Action item:
Leaving the pictures aside, transcribe every line below exactly.

Records for the exercise:

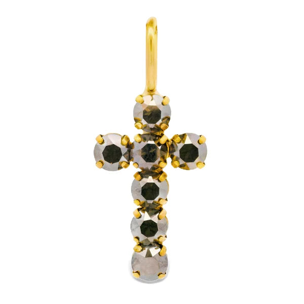 Add a touch of vintage charm to your look with the Ilex Pendant. Crafted from antique gold-plated brass and sparkling high-quality crystals, this 1.25" pendant slides effortlessly onto your favorite necklace, making every outfit shine a little brighter. Perfect for those who love a playful twist on timeless elegance!
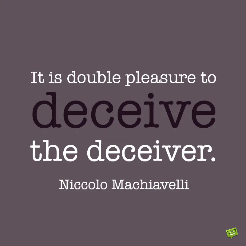 - It is double pleasure to deceive the deceiver. Niccolo Machiavelli
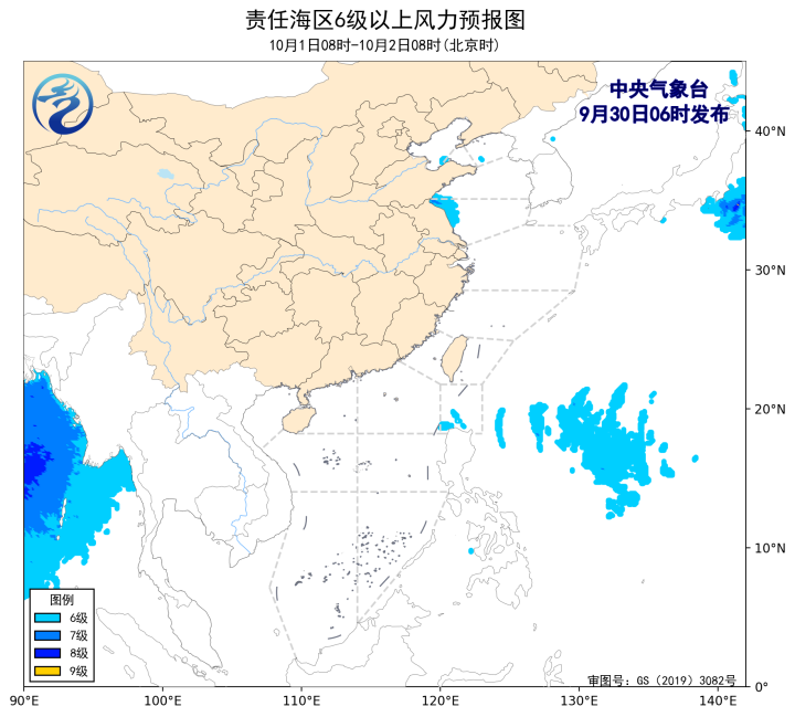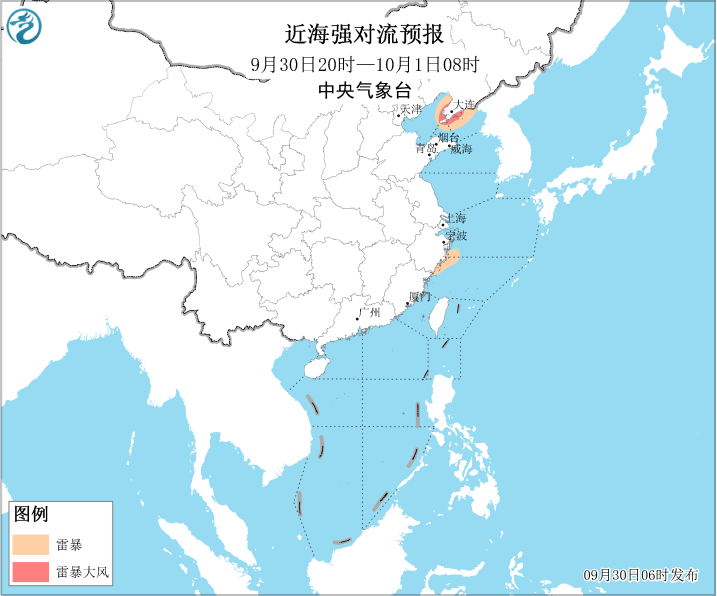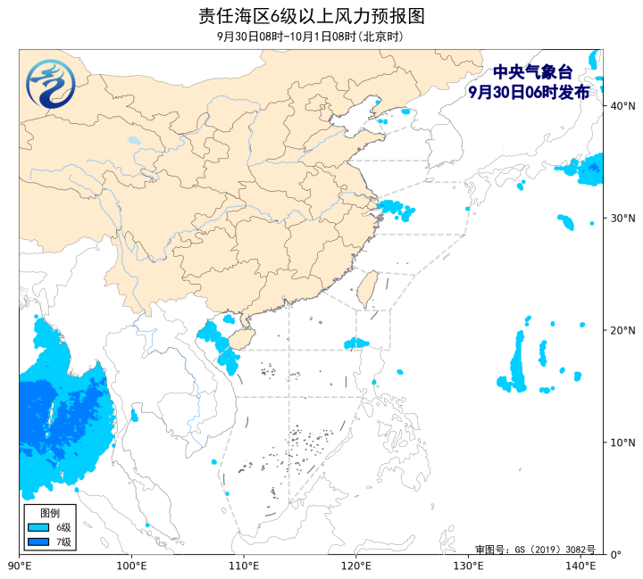 9月30日08时至10月1日08时,北部湾将有4~6级、阵风7级的东南风。30日夜间,辽东半岛沿岸海域将有8~9级雷暴大风。
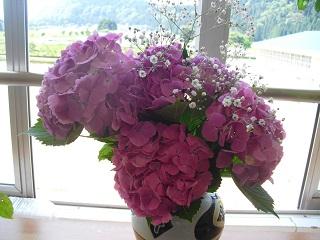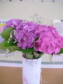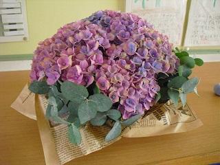 2年生が紫陽花のアレンジメントを届けてくれました。ありがとうございました。
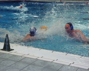 | Anschwimmen zum 2. Viertel – Jürgen kommt nicht ganz so schnell an den Ball wie sein Gegner |
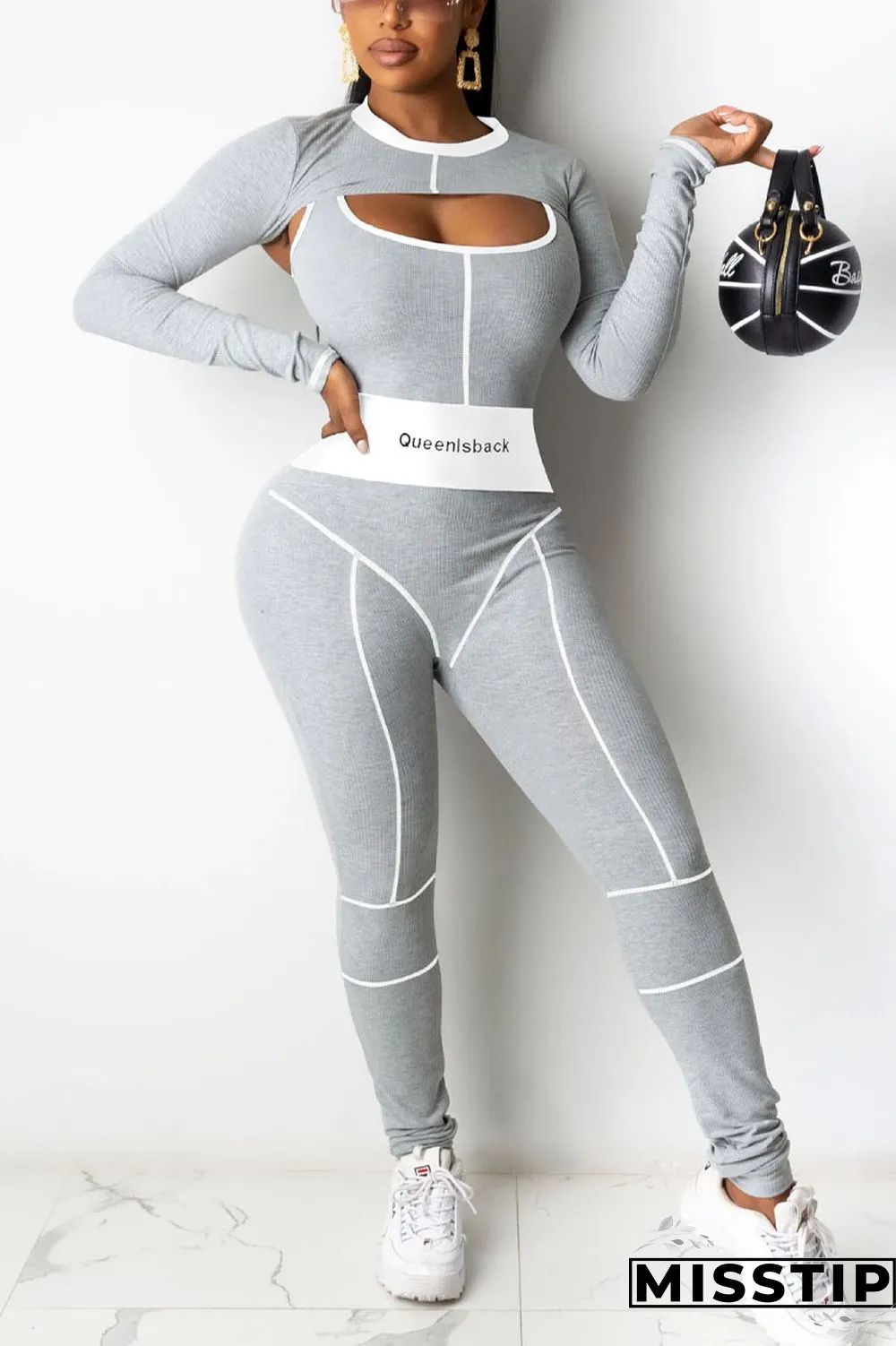 | Product Name | Grey Casual Striped Embroidered Patchwork O Neck Long Sleeve Two Pieces |
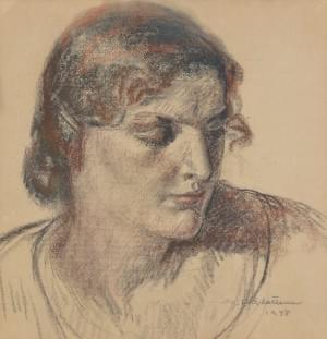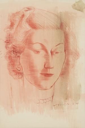 Portrait de femme, 1938, crayon gras et sanguine, signé et daté,...
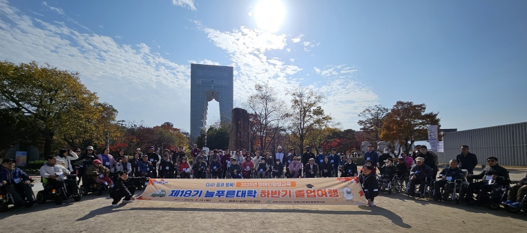 [뉴스노크=김인호 기자] (재)김해시복지재단 장애인종합복지관은 지난 13일 제18기 늘푸른대학 졸업을 맞이하여 프로그램 참여자 80여명과 함께 『제18기 늘푸른대학』 졸업여행을 실시했다.
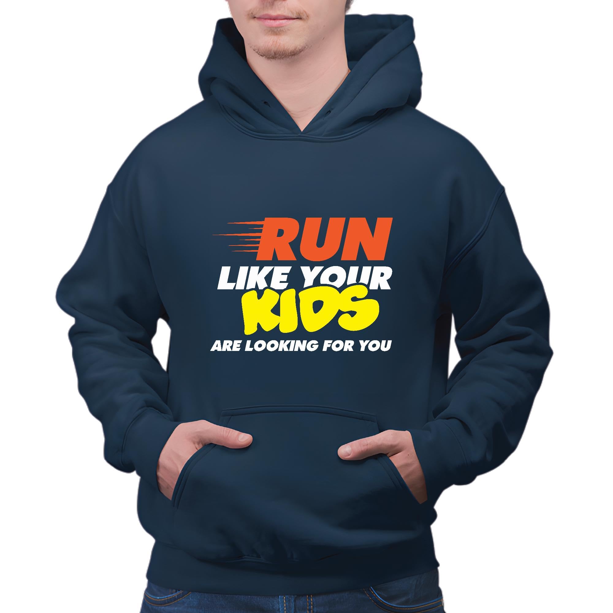 Motivational Running Gift for Runners Inspire to Run Like Your Kids are Looking For You Navy and Muticolor Unisex Hoodie

Your solution:
 Add a touch of vintage charm to your look with the Ilex Pendant. Crafted from antique gold-plated brass and sparkling high-quality crystals, this 1.25" pendant slides effortlessly onto your favorite necklace, making every outfit shine a little brighter. Perfect for those who love a playful twist on timeless elegance!
 - It is double pleasure to deceive the deceiver. Niccolo Machiavelli
 9月30日08时至10月1日08时,北部湾将有4~6级、阵风7级的东南风。30日夜间,辽东半岛沿岸海域将有8~9级雷暴大风。
 2年生が紫陽花のアレンジメントを届けてくれました。ありがとうございました。
 | Anschwimmen zum 2. Viertel – Jürgen kommt nicht ganz so schnell an den Ball wie sein Gegner |
 | Product Name | Grey Casual Striped Embroidered Patchwork O Neck Long Sleeve Two Pieces |
 Portrait de femme, 1938, crayon gras et sanguine, signé et daté,...
 [뉴스노크=김인호 기자] (재)김해시복지재단 장애인종합복지관은 지난 13일 제18기 늘푸른대학 졸업을 맞이하여 프로그램 참여자 80여명과 함께 『제18기 늘푸른대학』 졸업여행을 실시했다.
 Motivational Running Gift for Runners Inspire to Run Like Your Kids are Looking For You Navy and Muticolor Unisex Hoodie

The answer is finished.